In three preseason games, the Wolves have attempted 124 threes (41.3 per game). They're making just over 29% of them, but it's a good start nonetheless as they get with the times in the 3-point-happy league. 

The past two seasons, Minnesota finished dead last in made 3-pointers and ranked 26th and 30th, respectively, in 3-point attempts. 

Now let's take a look at two teams who increased their 3-point attempts and were better for it over the last two seasons. The team with the biggest increase in attempts last season was the Milwaukee Bucks and it wasn't close.

  • 2017-18: 24.7 attempts (25th) 
  • 2018-19: 38.2 attempts (2nd)
  • Record difference: +16 wins (44 in 2017-18 to 60 in 2018-19)

Before we get too excited here, the Bucks deserve a ton of credit for turning Brook Lopez (36%) into a 3-point machine to pair with Khris Middelton (37%) and Eric Bledsoe (32%), who have always been known for knocking down shots from behind the arc.

And even though he didn't attempt a ton, Giannis Antetokounmpo was their driving force, winning his first MVP award.
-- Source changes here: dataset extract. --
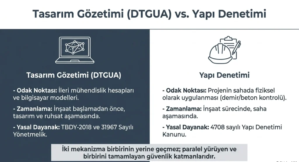 Tasarım gözetmeni uzmanı ile yapı denetçisi aynı şey midir? Hayır. Yapı denetçisi, 4708 sayılı Yapı Denetimi Kanunu kapsamında inşaat sürecinde sahada denetim yapar. Tasarım gözetmeni ise projenin tasarım aşamasında, özel uzmanlık gerektiren deprem hesapları için bağımsız mühendislik kontrolü sunar. Yaptıkları işler birbirini tamamlayıcıdır, ancak birbirinin yerine geçmez.

Plus the Bucks play in the far weaker Eastern Conference whereas a similar approach by the Wolves may not reap such rich rewards in the stacked West. 

To be sure, Milwaukee's increase in 3-[point attempts helped them become the No. 1 seed in the East.  But their turnaround also had a lot to do with going from the 18th-ranked defensive team (defensive rating 109.1 points per 100 possessions) to the No. 1 defensive team in the NBA in 2018-19 (104.1 points per 100 possessions). 

Minnesota has a long way to go in that department, but a 1-2 punch of Robert Covington and Josh Okogie on the wings could be on par with the defensive prowess Antetokounmpo and Middleton provide the Bucks. 

A team that increased their output from deep in the Western Conference is the Utah Jazz.

  • 2017-18: 29.6 attempts (13th)
  • 2018-19: 34.0 attempts (9th)
  • Record difference: +2 wins (48 in 2017-18 to 50 in 2018-19)

The Jazz really went all in on 3-point specialists last season, paring Joe Ingles with Kyle Korver (38%) while getting a full seasons out of Jae Crowder (33.1%) and up and coming star Donovan Mitchell (36%).

Meanwhile, the Jazz's defense ranked second in the NBA in back-to-back seasons but they bowed out to the Rockets in five games in the opening round of the playoffs. Houston, if you didn't notice, has led the NBA in 3-point attempts each of the last three seasons, and that's where new Wolves President of Basketball Operations Gersson Rosas comes from. 

Clearly, Rosas has brought a touch of Houston's offensive philosophies to Minnesota. 

It begs the question: Do the Wolves have the horses to be a good 3-and-D team?

– Covington is a surefire 3-and-D stud when healthy. 

– Okogie has the D part down but his 3-point game is still in question. 

– Andrew Wiggins is not known for defense, but he's flashed potential to be a quality 3-point shooter, and he'll certainly get his shots up from deep this season. 

– Jake Layman is a 6-foot-9 wing who hit on 32.6% of his threes last season with Portland. 

– Treveon Graham, who is primed to play a big role this season, shot 41.2% from three in 2017-18 before dropping off to 29.7% last season. 

Add in Jeff Teague (career 35.6% 3-point shooter), rookie Jarret Culver and Minnesota's top 3-point shooter, Karl-Anthony Towns (40% last season) and the Wolves have the makings to become a legit 3-point shooting team. 

The threes will be attempted, no doubt, but the defense is where Minnesota needs to make its biggest strides if they hope to open some eyes in the Western Conference.